The movie “Promised Sky” begins with three women bathing a young girl, Kenza (Estelle Kenza Dogbo). From the questions they ask — about the name of her school, about the boat she was in that flipped over — it becomes clear that none of the adults is her mother. Rather, Kenza is a migrant in Tunisia and the three of them have recently taken her into the home they share in Tunis, instead of turning her over to the authorities. Each woman has come from sub-Saharan Africa and lives in a state of uncertainty herself.
Naney (Debora Lobe Naney) has been in the country for three years and had hoped to scrape together enough money for her teenage daughter to join her from the Ivory Coast; lacking a formal job, she engages in various small-time schemes with her friend Foued (Foued Zaazaa). Marie (Aïssa Maïga), who once worked as journalist, has become the pastor of an evangelical church; she harbors money from immigrant parishioners who cannot open bank accounts. Ostensibly the best situated is Jolie (Laetitia Ky), who has papers to study in Tunisia to become an engineer. But she struggles with classes that are often taught in Arabic, not French. Her father, who sends Marie money for Jolie from afar, is justifiably concerned that the police are indiscriminate about roundups.

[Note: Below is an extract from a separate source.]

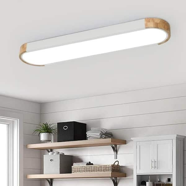 The HUOKU Lumin 38 in. W 1-Light Black+Wood Integrated LED Flush Mount Ceiling Light is a stylish and modern fixture perfect for both residential and commercial spaces. With a sleek black and wood finish, this linear panel light features acrylic shade in white, emitting warm white light with 2940 lumens of brightness. The flush mount design and dimmable capability make it easy to customize the lighting for any room. The solid wood construction and indoor damp rating ensure durability and safety for years to come. Included installation instructions and integrated LED technology make this ceiling light a convenient and energy-efficient choice for your home or business.

The French-Tunisian director Erige Sehiri dramatizes these events without inflection or hand-holding; the screenplay (by Sehiri, Anna Ciennik and Malika Cécile Louati) is restrained in explaining the social context. “Promised Sky” clearly draws on some documentary elements (for instance, Sehiri met the nonprofessional actress who plays Naney in the course of her research). There is much to be said for her unsensationalistic approach, and for its specificity of detail, even if splitting the narrative three ways means that each of these stories feels shortchanged.
Promised Sky Not rated. In French and Arabic, with subtitles. Running time: 1 hour 32 minutes. In theaters.